Darren Cole, who has been stopped more than 60 times by Chicago Police in 15 years because of a warrant mixup, at his Chicago home. (Terrence Antonio James / Chicago Tribune)
Days after Darren Cole went public last March about being detained by Chicago police more than 60 times because he shared a name with a man with a downstate warrant, the city helped clear the matter up.
But the cooperation did not last long.
Now the city of Chicago and Cole are embroiled in a more complicated and potentially protracted court fight over whether the department’s computer data system was to blame for the repeated stops. The Chicago man faced scrutiny for some 15 years because of an outstanding arrest warrant for another man named Darren Cole in Marion County.
Cole’s attorneys have argued that the department’s data system has been flagged by oversight agencies as “deficient and in need of reform” and that the database directly contributed to the repeat stops and accompanying fear and harassment the Cole in Chicago lived with.
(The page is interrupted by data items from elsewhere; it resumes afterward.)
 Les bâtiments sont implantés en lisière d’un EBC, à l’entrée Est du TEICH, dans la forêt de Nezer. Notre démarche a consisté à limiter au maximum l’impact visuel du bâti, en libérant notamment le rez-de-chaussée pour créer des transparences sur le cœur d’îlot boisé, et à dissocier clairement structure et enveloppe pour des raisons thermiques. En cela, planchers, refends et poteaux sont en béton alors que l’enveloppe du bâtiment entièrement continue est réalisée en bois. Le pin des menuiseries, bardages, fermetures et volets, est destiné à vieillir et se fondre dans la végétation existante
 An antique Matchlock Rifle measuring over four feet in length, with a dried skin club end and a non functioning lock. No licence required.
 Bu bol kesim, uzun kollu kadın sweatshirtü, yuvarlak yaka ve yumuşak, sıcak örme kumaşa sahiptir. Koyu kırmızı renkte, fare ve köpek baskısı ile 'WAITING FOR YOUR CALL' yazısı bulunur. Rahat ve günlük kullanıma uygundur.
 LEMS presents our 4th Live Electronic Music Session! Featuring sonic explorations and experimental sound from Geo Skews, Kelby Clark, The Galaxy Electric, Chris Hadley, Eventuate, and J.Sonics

Now city officials have countered in court filings that the repeated stops happened because the outstanding warrant for the downstate Cole was entered into a statewide database they have no control over. And when Chicago officers stopped Cole, they were performing their duties and “lawfully and constitutionally” detained him to investigate the warrant, the city argued.
“It is not clear what record-keeping deficiency of the city would have caused Cole’s repeated detention, since the database that caused the detention is a statewide database, and the entry in said database that led to his detention was not put there by the city of Chicago,” the city wrote in a filing. “Plaintiff alleges circumstances that are unfortunate, but that are not the fault of the defendant.”
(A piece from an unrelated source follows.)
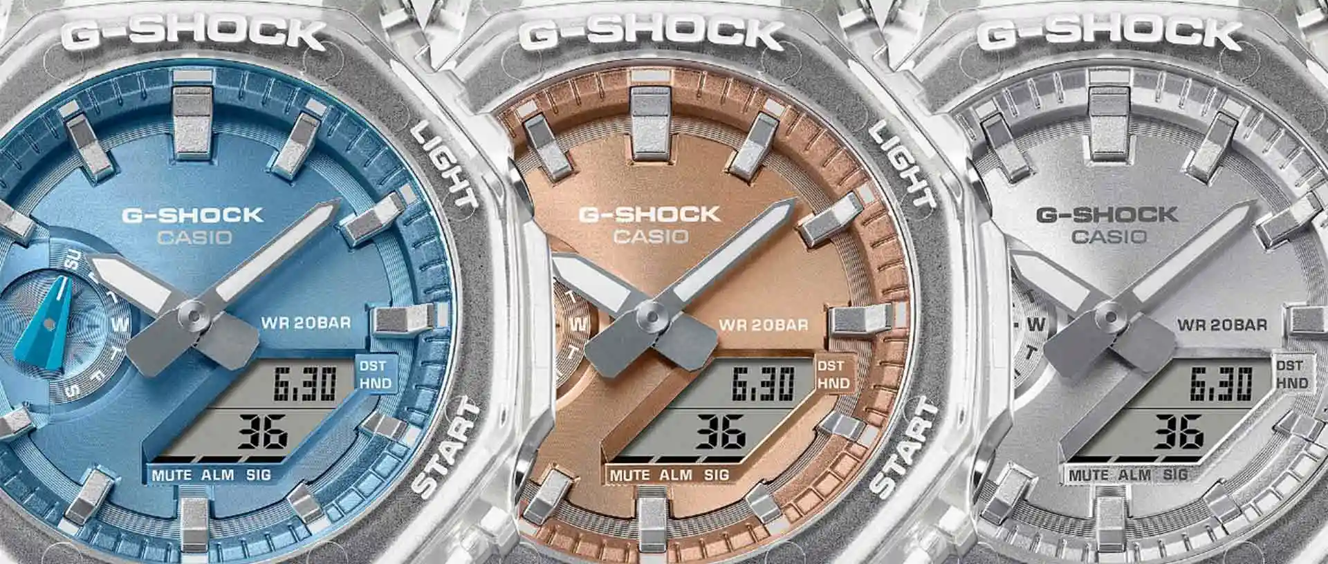 Casio har lanserat försäljning av den nya genomskinliga flerdelade GA-2100BM-klockan i Europa

The city also noted that Cole was released each time after “appropriate investigations.”
Cole has alleged that the repeated stops caused enormous stress in his work and personal life, telling the Tribune in March that he even contemplated taking his own life. In one stop, an officer pulled a gun on him, his lawsuit alleges. And because of his fear of getting stopped, Cole chose not to visit is his ailing father.
Cole struggled in vain over the years to secure a permanent solution, at one point carrying a handwritten note from a Chicago police sergeant to use during his stops. He also secured a letter from Marion County stating he is not the same Darren Cole wanted there.
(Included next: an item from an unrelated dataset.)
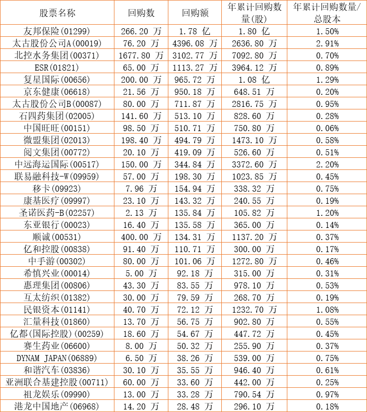 亚洲金融(00662)、亿胜生物科技(01061)、东亚银行(00023)、微盟集团(02013)、希慎兴业(00014)、中手游(00302)、京东健康(06618)、DYNAM JAPAN(06889)、天福(06868)、和谐汽车(03836)、石四药集团(02005)、亿都(国际控股)(00259)、民银资本(01141)、顺诚(00531)、清科创业(01945)、祖龙娱乐(09990)、惠理集团(00806)、中国旺旺(00151)、乐声电子(00213)、汇量科技(01860)、天伦燃气(01600)、新鸿基公司(00086)、北控水务集团(00371)、联易融科技-W(09959)、太古股份公司A(00019)、友邦保险(01299)、太古股份公司B(00087)、酷派集团(02369)、赛晶科技(00580)、亚洲联合基建控股(00711)、复星国际(00656)、中远海运国际(00517)、创胜集团-B(06628)、移卡(09923)、港龙中国地产(06968)、赛生药业(06600)、康圣环球(09960)、筑友智造科技(00726)、康基医疗(09997)、亿和控股(00838)、ESR(01821)、圣诺医药-B(02257)于2022年10月20日进行了回购。其中,回购金额最大的为友邦保险(01299),回购数量266.20 万,回购金额1.78 亿元。

Before filing the lawsuit in March, Cole’s attorneys also sent numerous emails to the city’s Law Department asking them to correct the problem in the system.
It was only after he filed his lawsuit and immediately before an emergency hearing that the city contacted Marion County officials, who withdrew the warrant. The city also sent a message to all officers indicating that Cole, 50, should not be stopped on that warrant, his attorneys noted in a court filing challenging the dismissal.
“The fact that the city quickly and with great ease remedied Mr. Cole’s injunctive claims when it was staring down the barrel of an emergency evidentiary hearing is worth noting,” reads a footnote in Cole’s latest motion challenging the city’s move to dismiss his suit.